**Exercise objective**
Copy the data exactly, keeping every line intact.

(Recorded data)

·····

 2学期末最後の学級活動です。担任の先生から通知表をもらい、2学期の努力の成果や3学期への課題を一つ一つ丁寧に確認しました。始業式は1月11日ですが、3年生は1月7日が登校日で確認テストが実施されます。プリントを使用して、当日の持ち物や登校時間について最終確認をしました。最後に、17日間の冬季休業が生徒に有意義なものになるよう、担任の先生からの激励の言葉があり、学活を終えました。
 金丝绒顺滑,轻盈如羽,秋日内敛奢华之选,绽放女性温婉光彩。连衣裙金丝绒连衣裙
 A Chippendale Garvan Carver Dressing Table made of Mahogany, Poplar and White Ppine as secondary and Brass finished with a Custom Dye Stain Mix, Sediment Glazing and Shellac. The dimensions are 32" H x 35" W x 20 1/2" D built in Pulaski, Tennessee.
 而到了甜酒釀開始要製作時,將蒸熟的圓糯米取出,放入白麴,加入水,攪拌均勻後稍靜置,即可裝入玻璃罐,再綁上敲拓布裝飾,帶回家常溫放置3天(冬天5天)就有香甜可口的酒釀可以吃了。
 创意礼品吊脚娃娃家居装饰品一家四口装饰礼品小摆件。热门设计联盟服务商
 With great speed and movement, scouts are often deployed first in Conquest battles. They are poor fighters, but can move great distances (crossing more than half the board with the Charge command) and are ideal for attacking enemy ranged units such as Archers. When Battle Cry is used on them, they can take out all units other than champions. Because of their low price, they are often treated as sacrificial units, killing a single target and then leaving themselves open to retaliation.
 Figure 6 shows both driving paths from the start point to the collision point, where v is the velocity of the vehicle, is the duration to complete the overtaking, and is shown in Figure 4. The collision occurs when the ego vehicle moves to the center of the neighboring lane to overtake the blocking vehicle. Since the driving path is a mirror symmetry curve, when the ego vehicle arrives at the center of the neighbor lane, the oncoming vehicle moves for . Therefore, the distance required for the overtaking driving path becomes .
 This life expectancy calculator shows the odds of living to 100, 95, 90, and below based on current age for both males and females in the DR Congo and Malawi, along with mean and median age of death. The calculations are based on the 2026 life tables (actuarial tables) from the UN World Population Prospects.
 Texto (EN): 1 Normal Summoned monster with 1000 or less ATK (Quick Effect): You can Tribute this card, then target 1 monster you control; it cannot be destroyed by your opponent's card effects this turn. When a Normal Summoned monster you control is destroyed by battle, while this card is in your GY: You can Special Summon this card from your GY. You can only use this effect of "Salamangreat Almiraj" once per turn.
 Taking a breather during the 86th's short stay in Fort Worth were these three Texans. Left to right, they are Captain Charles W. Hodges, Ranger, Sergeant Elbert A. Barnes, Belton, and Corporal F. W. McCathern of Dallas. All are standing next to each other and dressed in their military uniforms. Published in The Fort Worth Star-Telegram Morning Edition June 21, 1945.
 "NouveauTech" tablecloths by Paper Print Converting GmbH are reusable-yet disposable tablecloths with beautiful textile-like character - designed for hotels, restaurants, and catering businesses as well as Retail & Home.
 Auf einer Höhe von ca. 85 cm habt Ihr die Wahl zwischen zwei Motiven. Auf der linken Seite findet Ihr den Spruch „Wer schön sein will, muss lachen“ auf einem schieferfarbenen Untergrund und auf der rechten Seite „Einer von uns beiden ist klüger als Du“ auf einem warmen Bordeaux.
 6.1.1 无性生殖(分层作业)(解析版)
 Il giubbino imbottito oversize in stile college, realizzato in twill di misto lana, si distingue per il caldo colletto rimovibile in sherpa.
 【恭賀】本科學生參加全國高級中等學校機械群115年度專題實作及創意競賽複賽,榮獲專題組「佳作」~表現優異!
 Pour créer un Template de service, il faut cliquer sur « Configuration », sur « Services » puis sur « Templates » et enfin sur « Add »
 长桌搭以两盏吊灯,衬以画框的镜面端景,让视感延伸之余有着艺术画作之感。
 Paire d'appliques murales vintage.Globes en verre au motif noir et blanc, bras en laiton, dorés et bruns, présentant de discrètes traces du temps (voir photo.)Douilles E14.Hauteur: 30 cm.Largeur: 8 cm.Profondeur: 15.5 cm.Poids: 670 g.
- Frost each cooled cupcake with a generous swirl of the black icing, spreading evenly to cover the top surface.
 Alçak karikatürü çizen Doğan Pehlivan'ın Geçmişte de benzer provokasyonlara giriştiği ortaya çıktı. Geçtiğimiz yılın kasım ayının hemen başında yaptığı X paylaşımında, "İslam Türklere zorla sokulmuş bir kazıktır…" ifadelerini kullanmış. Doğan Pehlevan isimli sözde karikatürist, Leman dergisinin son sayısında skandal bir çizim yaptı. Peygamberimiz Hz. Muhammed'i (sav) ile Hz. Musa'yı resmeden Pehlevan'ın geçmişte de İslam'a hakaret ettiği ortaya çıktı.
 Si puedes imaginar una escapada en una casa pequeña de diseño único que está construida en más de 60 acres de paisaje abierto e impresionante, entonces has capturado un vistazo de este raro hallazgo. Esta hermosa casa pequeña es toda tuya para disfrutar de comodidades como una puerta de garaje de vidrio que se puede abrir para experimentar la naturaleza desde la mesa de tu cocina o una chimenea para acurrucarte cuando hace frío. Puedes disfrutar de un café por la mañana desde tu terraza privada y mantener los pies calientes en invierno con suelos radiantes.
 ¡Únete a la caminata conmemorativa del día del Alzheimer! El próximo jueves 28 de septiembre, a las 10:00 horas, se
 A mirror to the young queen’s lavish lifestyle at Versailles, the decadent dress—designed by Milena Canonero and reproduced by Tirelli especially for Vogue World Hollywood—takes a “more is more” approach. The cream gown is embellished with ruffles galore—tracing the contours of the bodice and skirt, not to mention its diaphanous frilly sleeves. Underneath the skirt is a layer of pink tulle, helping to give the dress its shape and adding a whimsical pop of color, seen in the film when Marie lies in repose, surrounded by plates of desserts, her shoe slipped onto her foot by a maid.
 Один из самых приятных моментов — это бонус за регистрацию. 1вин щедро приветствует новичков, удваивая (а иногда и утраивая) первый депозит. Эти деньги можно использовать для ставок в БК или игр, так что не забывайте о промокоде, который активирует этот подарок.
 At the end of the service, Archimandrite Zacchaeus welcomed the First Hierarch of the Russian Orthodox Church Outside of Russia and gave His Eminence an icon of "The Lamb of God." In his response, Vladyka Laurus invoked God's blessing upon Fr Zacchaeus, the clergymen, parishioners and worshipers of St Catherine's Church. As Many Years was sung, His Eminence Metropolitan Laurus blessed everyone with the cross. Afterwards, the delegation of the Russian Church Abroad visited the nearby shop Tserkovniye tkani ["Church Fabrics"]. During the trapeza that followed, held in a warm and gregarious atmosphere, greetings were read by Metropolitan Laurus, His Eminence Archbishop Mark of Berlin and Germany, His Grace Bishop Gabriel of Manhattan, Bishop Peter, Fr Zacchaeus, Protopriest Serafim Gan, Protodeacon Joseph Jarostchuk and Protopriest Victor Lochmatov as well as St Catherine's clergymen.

·····

**Finished task**
 2学期末最後の学級活動です。担任の先生から通知表をもらい、2学期の努力の成果や3学期への課題を一つ一つ丁寧に確認しました。始業式は1月11日ですが、3年生は1月7日が登校日で確認テストが実施されます。プリントを使用して、当日の持ち物や登校時間について最終確認をしました。最後に、17日間の冬季休業が生徒に有意義なものになるよう、担任の先生からの激励の言葉があり、学活を終えました。
 金丝绒顺滑,轻盈如羽,秋日内敛奢华之选,绽放女性温婉光彩。连衣裙金丝绒连衣裙
 A Chippendale Garvan Carver Dressing Table made of Mahogany, Poplar and White Ppine as secondary and Brass finished with a Custom Dye Stain Mix, Sediment Glazing and Shellac. The dimensions are 32" H x 35" W x 20 1/2" D built in Pulaski, Tennessee.
 而到了甜酒釀開始要製作時,將蒸熟的圓糯米取出,放入白麴,加入水,攪拌均勻後稍靜置,即可裝入玻璃罐,再綁上敲拓布裝飾,帶回家常溫放置3天(冬天5天)就有香甜可口的酒釀可以吃了。
 创意礼品吊脚娃娃家居装饰品一家四口装饰礼品小摆件。热门设计联盟服务商
 With great speed and movement, scouts are often deployed first in Conquest battles. They are poor fighters, but can move great distances (crossing more than half the board with the Charge command) and are ideal for attacking enemy ranged units such as Archers. When Battle Cry is used on them, they can take out all units other than champions. Because of their low price, they are often treated as sacrificial units, killing a single target and then leaving themselves open to retaliation.
 Figure 6 shows both driving paths from the start point to the collision point, where v is the velocity of the vehicle, is the duration to complete the overtaking, and is shown in Figure 4. The collision occurs when the ego vehicle moves to the center of the neighboring lane to overtake the blocking vehicle. Since the driving path is a mirror symmetry curve, when the ego vehicle arrives at the center of the neighbor lane, the oncoming vehicle moves for . Therefore, the distance required for the overtaking driving path becomes .
 This life expectancy calculator shows the odds of living to 100, 95, 90, and below based on current age for both males and females in the DR Congo and Malawi, along with mean and median age of death. The calculations are based on the 2026 life tables (actuarial tables) from the UN World Population Prospects.
 Texto (EN): 1 Normal Summoned monster with 1000 or less ATK (Quick Effect): You can Tribute this card, then target 1 monster you control; it cannot be destroyed by your opponent's card effects this turn. When a Normal Summoned monster you control is destroyed by battle, while this card is in your GY: You can Special Summon this card from your GY. You can only use this effect of "Salamangreat Almiraj" once per turn.
 Taking a breather during the 86th's short stay in Fort Worth were these three Texans. Left to right, they are Captain Charles W. Hodges, Ranger, Sergeant Elbert A. Barnes, Belton, and Corporal F. W. McCathern of Dallas. All are standing next to each other and dressed in their military uniforms. Published in The Fort Worth Star-Telegram Morning Edition June 21, 1945.
 "NouveauTech" tablecloths by Paper Print Converting GmbH are reusable-yet disposable tablecloths with beautiful textile-like character - designed for hotels, restaurants, and catering businesses as well as Retail & Home.
 Auf einer Höhe von ca. 85 cm habt Ihr die Wahl zwischen zwei Motiven. Auf der linken Seite findet Ihr den Spruch „Wer schön sein will, muss lachen“ auf einem schieferfarbenen Untergrund und auf der rechten Seite „Einer von uns beiden ist klüger als Du“ auf einem warmen Bordeaux.
 6.1.1 无性生殖(分层作业)(解析版)
 Il giubbino imbottito oversize in stile college, realizzato in twill di misto lana, si distingue per il caldo colletto rimovibile in sherpa.
 【恭賀】本科學生參加全國高級中等學校機械群115年度專題實作及創意競賽複賽,榮獲專題組「佳作」~表現優異!
 Pour créer un Template de service, il faut cliquer sur « Configuration », sur « Services » puis sur « Templates » et enfin sur « Add »
 长桌搭以两盏吊灯,衬以画框的镜面端景,让视感延伸之余有着艺术画作之感。
 Paire d'appliques murales vintage.Globes en verre au motif noir et blanc, bras en laiton, dorés et bruns, présentant de discrètes traces du temps (voir photo.)Douilles E14.Hauteur: 30 cm.Largeur: 8 cm.Profondeur: 15.5 cm.Poids: 670 g.
- Frost each cooled cupcake with a generous swirl of the black icing, spreading evenly to cover the top surface.
 Alçak karikatürü çizen Doğan Pehlivan'ın Geçmişte de benzer provokasyonlara giriştiği ortaya çıktı. Geçtiğimiz yılın kasım ayının hemen başında yaptığı X paylaşımında, "İslam Türklere zorla sokulmuş bir kazıktır…" ifadelerini kullanmış. Doğan Pehlevan isimli sözde karikatürist, Leman dergisinin son sayısında skandal bir çizim yaptı. Peygamberimiz Hz. Muhammed'i (sav) ile Hz. Musa'yı resmeden Pehlevan'ın geçmişte de İslam'a hakaret ettiği ortaya çıktı.
 Si puedes imaginar una escapada en una casa pequeña de diseño único que está construida en más de 60 acres de paisaje abierto e impresionante, entonces has capturado un vistazo de este raro hallazgo. Esta hermosa casa pequeña es toda tuya para disfrutar de comodidades como una puerta de garaje de vidrio que se puede abrir para experimentar la naturaleza desde la mesa de tu cocina o una chimenea para acurrucarte cuando hace frío. Puedes disfrutar de un café por la mañana desde tu terraza privada y mantener los pies calientes en invierno con suelos radiantes.
 ¡Únete a la caminata conmemorativa del día del Alzheimer! El próximo jueves 28 de septiembre, a las 10:00 horas, se
 A mirror to the young queen’s lavish lifestyle at Versailles, the decadent dress—designed by Milena Canonero and reproduced by Tirelli especially for Vogue World Hollywood—takes a “more is more” approach. The cream gown is embellished with ruffles galore—tracing the contours of the bodice and skirt, not to mention its diaphanous frilly sleeves. Underneath the skirt is a layer of pink tulle, helping to give the dress its shape and adding a whimsical pop of color, seen in the film when Marie lies in repose, surrounded by plates of desserts, her shoe slipped onto her foot by a maid.
 Один из самых приятных моментов — это бонус за регистрацию. 1вин щедро приветствует новичков, удваивая (а иногда и утраивая) первый депозит. Эти деньги можно использовать для ставок в БК или игр, так что не забывайте о промокоде, который активирует этот подарок.
 At the end of the service, Archimandrite Zacchaeus welcomed the First Hierarch of the Russian Orthodox Church Outside of Russia and gave His Eminence an icon of "The Lamb of God." In his response, Vladyka Laurus invoked God's blessing upon Fr Zacchaeus, the clergymen, parishioners and worshipers of St Catherine's Church. As Many Years was sung, His Eminence Metropolitan Laurus blessed everyone with the cross. Afterwards, the delegation of the Russian Church Abroad visited the nearby shop Tserkovniye tkani ["Church Fabrics"]. During the trapeza that followed, held in a warm and gregarious atmosphere, greetings were read by Metropolitan Laurus, His Eminence Archbishop Mark of Berlin and Germany, His Grace Bishop Gabriel of Manhattan, Bishop Peter, Fr Zacchaeus, Protopriest Serafim Gan, Protodeacon Joseph Jarostchuk and Protopriest Victor Lochmatov as well as St Catherine's clergymen.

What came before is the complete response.